"Down Under" is a song recorded by Australian rock band Men at Work. It was originally released in 1980 as the B-side to their first local single, "Keypunch Operator", released before the band signed with Columbia Records. Both early songs were written by the group's co-founders, Colin Hay and Ron Strykert. The early version of "Down Under" has a slightly different tempo and arrangement from the later Columbia release. The best-known version was then released on Columbia in 1981 as the second single from their debut album Business as Usual (1981).

The hit song went to number one in their home country Australia in December 1981, and then topped the New Zealand charts in February 1982. The song topped the Canadian charts in October 1982. In the United States, the song debuted on the Billboard Hot 100 on 6 November 1982 at No. 79, and reached No. 1 in January 1983. Topping the US Billboard chart for four non-consecutive weeks, it eventually sold over two million copies in the US alone. Billboard ranked it at No. 4 for 1983.

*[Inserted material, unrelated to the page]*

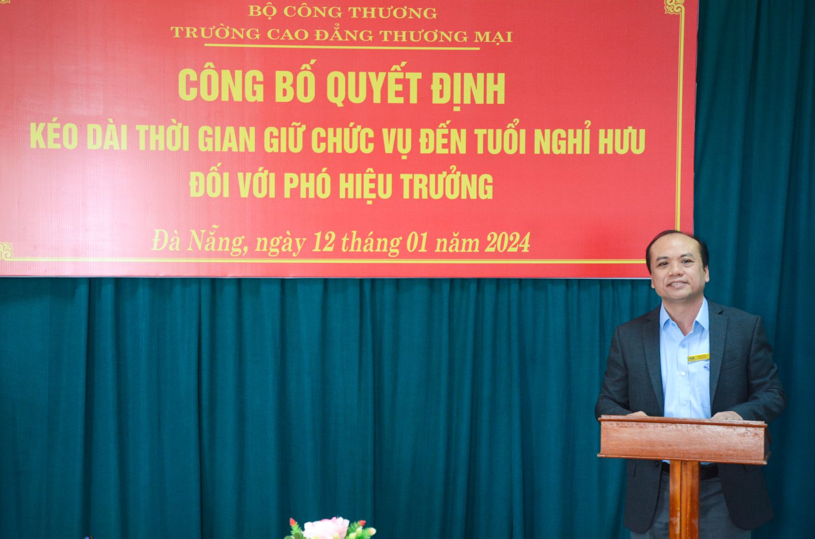 Sáng 12/01, tại Trường Cao đẳng Thương mại diễn ra lễ công bố quyết định của Bộ trưởng Bộ Công Thương về việc kéo dài thời gian giữ chức vụ đến tuổi nghỉ hưu đối với ThS. Trần Văn Sang - Phó Hiệu trưởng.

In the UK, the song topped the charts in January and February 1983: the only Men at Work song to make the UK top 20. The song also went to No. 1 in Denmark, Ireland, Italy and Switzerland, and was a top 10 hit in many other countries. "Down Under" is perceived as a patriotic song in Australia; it remains popular and is often played at sporting events.

In January 2018, as part of Triple M's "Ozzest 100", the 'most Australian' songs of all time so far, "Down Under" was ranked number 2 behind Cold Chisel's "Khe Sanh".

Lyric
The lyric to "Down Under" depicts an Australian man travelling the globe, meeting people who are interested in his home country. The story is based in part on singer Colin Hay's own travels abroad, including a prominent reference to a Vegemite sandwich (a popular snack in Australia), which derived from an encounter with a tall baker from Brussels who emigrated from Brunswick, Melbourne. Hay has said the lyric was partly inspired by Barry Humphries' character Barry McKenzie, a comically stereotypical Australian who tours abroad.

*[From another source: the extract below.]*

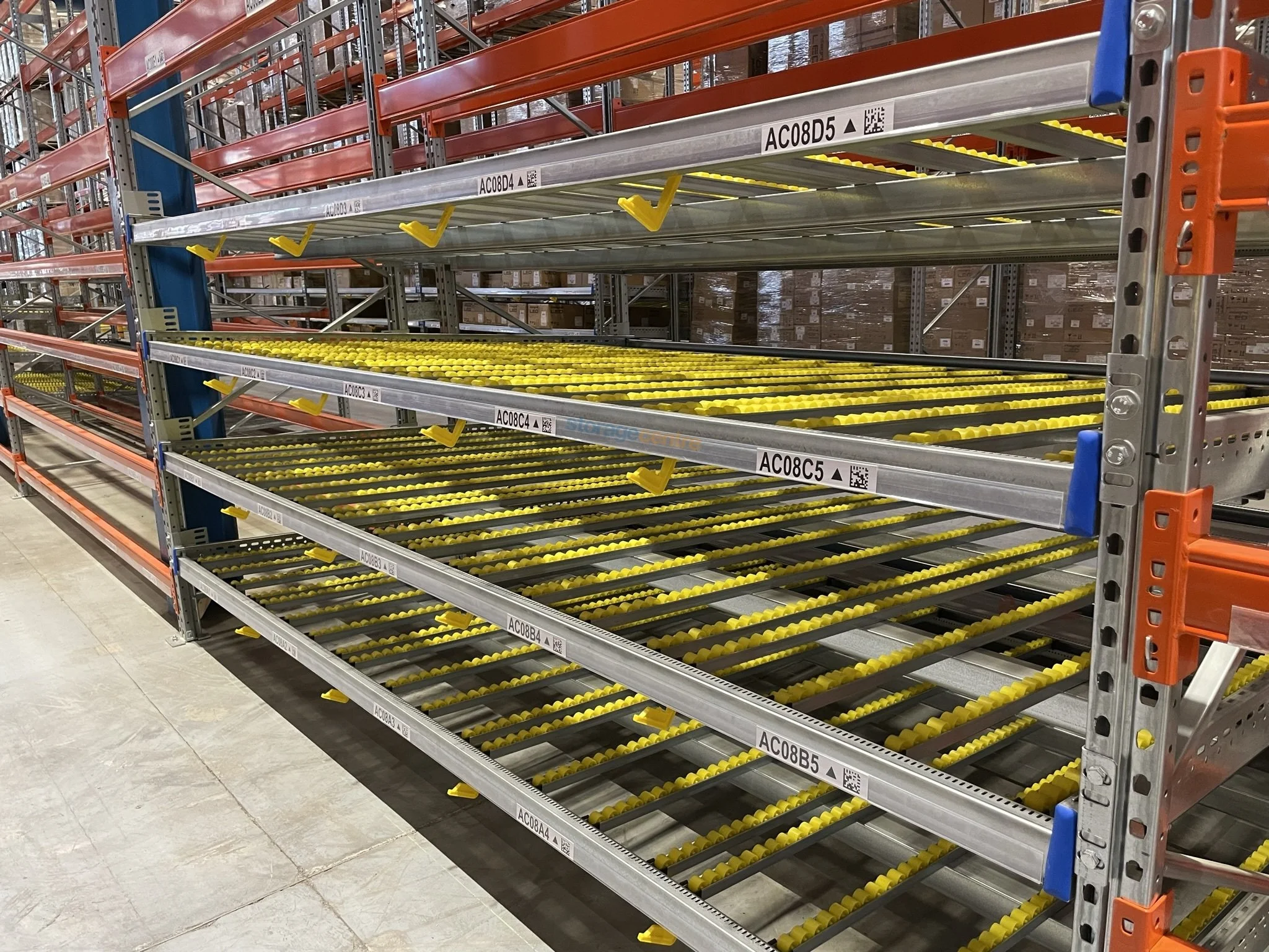 Carton Live Storage (CLS), also known as gravity flow racking, is a dynamic and efficient system designed specifically for warehouses with high picking volumes. This innovative equipment makes efficient use of space while fundamentally transforming your order fulfilment process, leading to reduced errors and a significant increase in throughput.

Slang and drug terms are featured in the lyric. It opens with the singer travelling in a fried-out Kombi, on a hippie trail, head full of zombie. In Australian slang, "fried-out" means that it's in really poor condition and overheating, "Kombi" is short for "Kombinationskraftwagen" and refers to the Volkswagen Type 2, and "full of zombie" refers to the use of a type of marijuana. "Hippie trail" refers to a subcultural tourist route popular in the 1960s and 1970s which stretched from Western Europe to South-East Asia. The song also contains the refrain where beer does flow and men chunder. To "chunder" means to vomit.

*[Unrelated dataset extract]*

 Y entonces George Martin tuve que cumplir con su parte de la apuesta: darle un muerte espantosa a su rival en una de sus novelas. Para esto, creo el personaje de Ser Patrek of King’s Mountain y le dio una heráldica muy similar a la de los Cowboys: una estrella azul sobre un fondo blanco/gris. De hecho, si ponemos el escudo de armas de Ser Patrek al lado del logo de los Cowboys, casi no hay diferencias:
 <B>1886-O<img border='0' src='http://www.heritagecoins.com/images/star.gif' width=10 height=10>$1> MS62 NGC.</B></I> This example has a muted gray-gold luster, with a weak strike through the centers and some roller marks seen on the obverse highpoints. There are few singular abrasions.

Speaking to Songfacts about the overall meaning of the lyric, Hay remarked:

The promotional video comically plays out the events of the lyric, showing Hay and other band members riding in a Volkswagen Kombi van, eating muesli with a 'strange lady', eating and drinking in a café, and lying in an opium den. The band are moved along at one point by a man in a shirt and tie who places a 'Sold' sign in the ground. Exterior shots were filmed at the Cronulla sand dunes in Sydney. The band are seen carrying a coffin across the dunes at the end. This, Hay has explained, was a warning to his fellow Australians that their country's identity was dying as a result of overdevelopment and Americanization. Hay has also stated that the same ominous sentiment lies behind the choral line, Can't you hear that thunder? You'd better run; you'd better take cover.

Reception
Billboard called it a "tongue-in-cheek story song that relies on percussion and vocals more than sax."

Cultural significance
The song is a perennial favourite on Australian radio and television, and topped the charts in the US and UK simultaneously in early 1983. It was later used as a theme song by the crew of Australia II in their successful bid to win the America's Cup in 1983, and a remixed version appears during the closing credits of Crocodile Dundee in Los Angeles. Men at Work played this song in the closing ceremony of the 2000 Summer Olympics in Sydney, alongside other Australian artists.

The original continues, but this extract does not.